- Work request -
Without including any pictures, copy every line below exactly.

- Data block -
+ + + + +

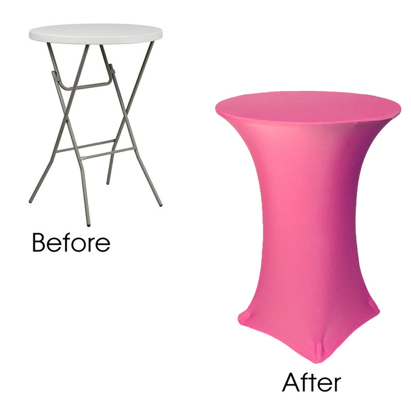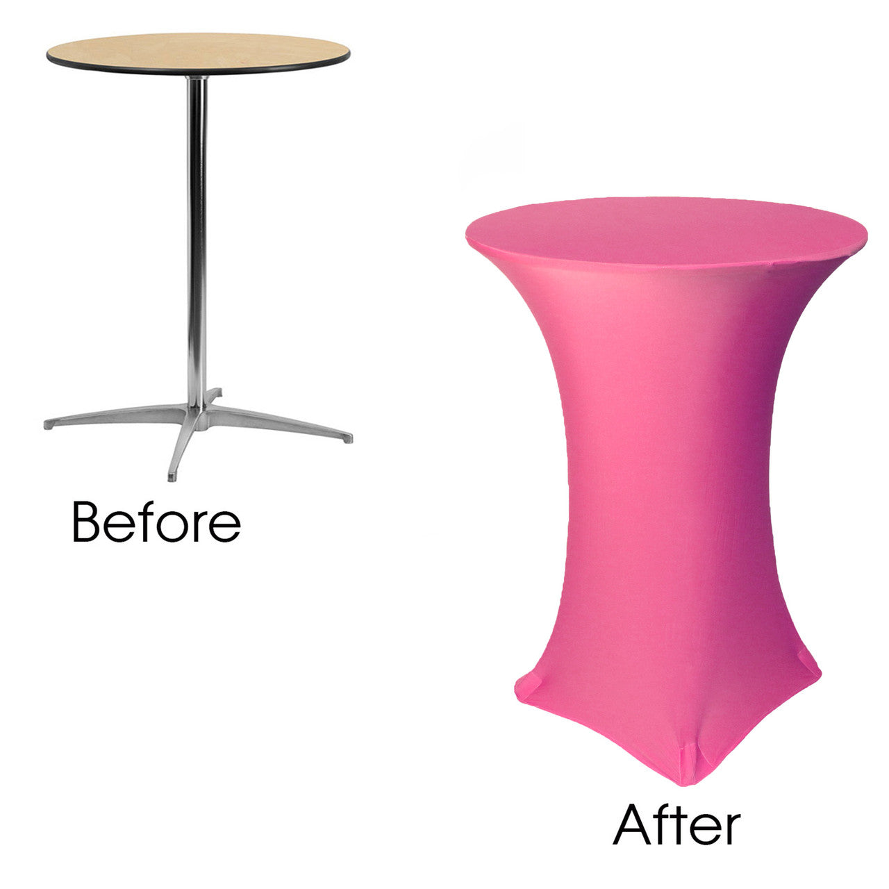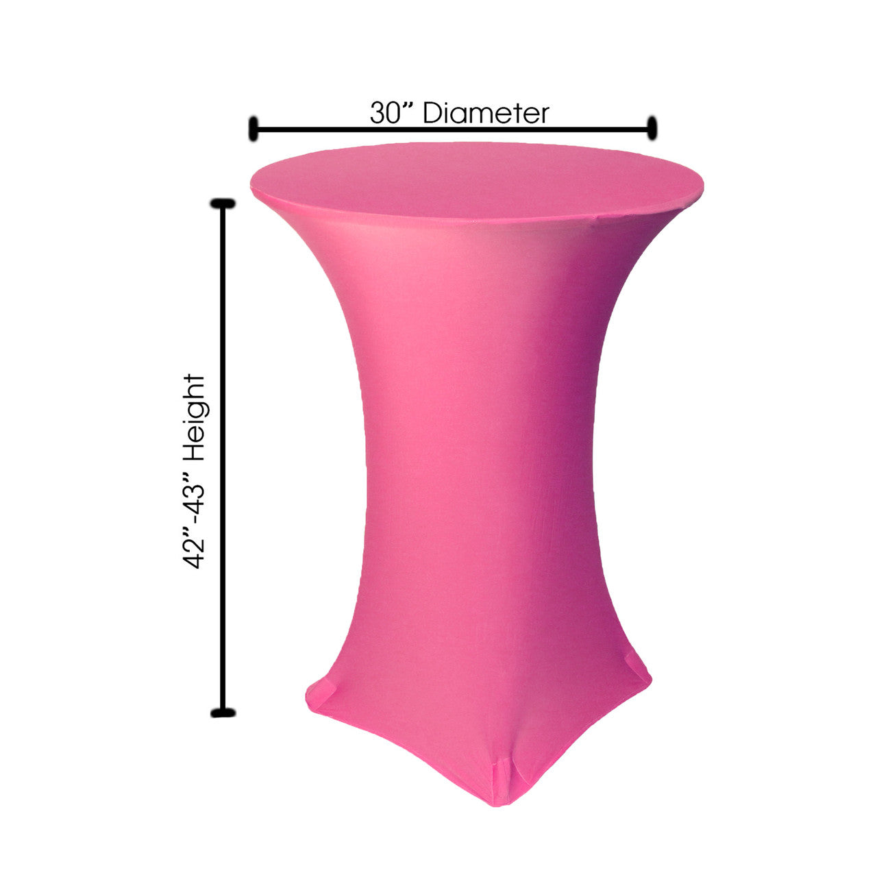 Our durable spandex chair covers fit standard 30"x42" Highboy/Cocktail Tables (30" Round x 42" Tall w/ 4 Leg Base). They're made from high quality spandex with a 4-way stretch so they're easy to put on and made to last. They're also made with durable elastic foot pockets which help secure the cover in place, ensure a great fit, and help prevent damage and excess wear and tear. These covers are a perfect way to improve the look of your chair covers and ideal for rental companies, banquet halls, hotels, various venues and special events.
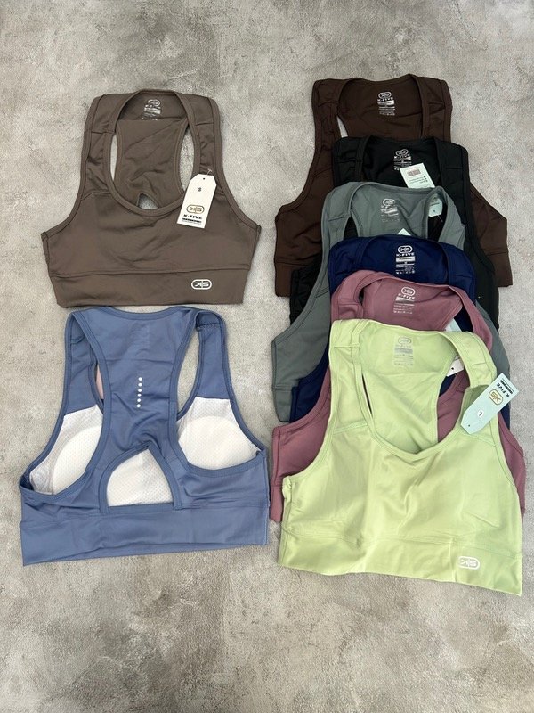 Top deportivo de lycra con tazas desmontables, con apertura en la espalda
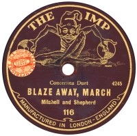 | In TMR 90, John Booth, the editor, reproduced an IMP label in monochrome, and asked for any further information. The label colour was not stated. In TMR 91, Frank Andrews replied that these were produced by ‘Edison Bell’ from Bell Disc and possibly Winner masters. The proprietor is unknown. Curiously, Frank reveals that no less than four of these IMP records have been found in the U.S.A. As they are practically unknown in the U.K., one is forced to conjecture whether they were made here for export to the U.S.A? This seems to us rather unlikely, as the USA generally had high import tariffs. Some of the sides date from 1908; but the IMP in TMR 90 (as also two here) has a copyright stamp; these came in in 1912. Still, the presence of a copyright stamp at this early period is not, we think, proof that the disc was definitely sold in the U.K. There are instances (also involving ‘Edison Bell’ as it happens) of Minstrel and Herald records made for J E Pidgeon in New Zealand, which have been seen with U.K. stamps. Perhaps in those early days it did not matter whether the royalty was paid in the country of manufacture or the country of consumption? Anyway, IMP records, needless to say, are very scarce indeed. Perhaps the rather sinister appearance of its eponymous being is to blame? | ||||

+ + + + +

- Task response -
 Our durable spandex chair covers fit standard 30"x42" Highboy/Cocktail Tables (30" Round x 42" Tall w/ 4 Leg Base). They're made from high quality spandex with a 4-way stretch so they're easy to put on and made to last. They're also made with durable elastic foot pockets which help secure the cover in place, ensure a great fit, and help prevent damage and excess wear and tear. These covers are a perfect way to improve the look of your chair covers and ideal for rental companies, banquet halls, hotels, various venues and special events.
 Top deportivo de lycra con tazas desmontables, con apertura en la espalda
 | In TMR 90, John Booth, the editor, reproduced an IMP label in monochrome, and asked for any further information. The label colour was not stated. In TMR 91, Frank Andrews replied that these were produced by ‘Edison Bell’ from Bell Disc and possibly Winner masters. The proprietor is unknown. Curiously, Frank reveals that no less than four of these IMP records have been found in the U.S.A. As they are practically unknown in the U.K., one is forced to conjecture whether they were made here for export to the U.S.A? This seems to us rather unlikely, as the USA generally had high import tariffs. Some of the sides date from 1908; but the IMP in TMR 90 (as also two here) has a copyright stamp; these came in in 1912. Still, the presence of a copyright stamp at this early period is not, we think, proof that the disc was definitely sold in the U.K. There are instances (also involving ‘Edison Bell’ as it happens) of Minstrel and Herald records made for J E Pidgeon in New Zealand, which have been seen with U.K. stamps. Perhaps in those early days it did not matter whether the royalty was paid in the country of manufacture or the country of consumption? Anyway, IMP records, needless to say, are very scarce indeed. Perhaps the rather sinister appearance of its eponymous being is to blame? | ||||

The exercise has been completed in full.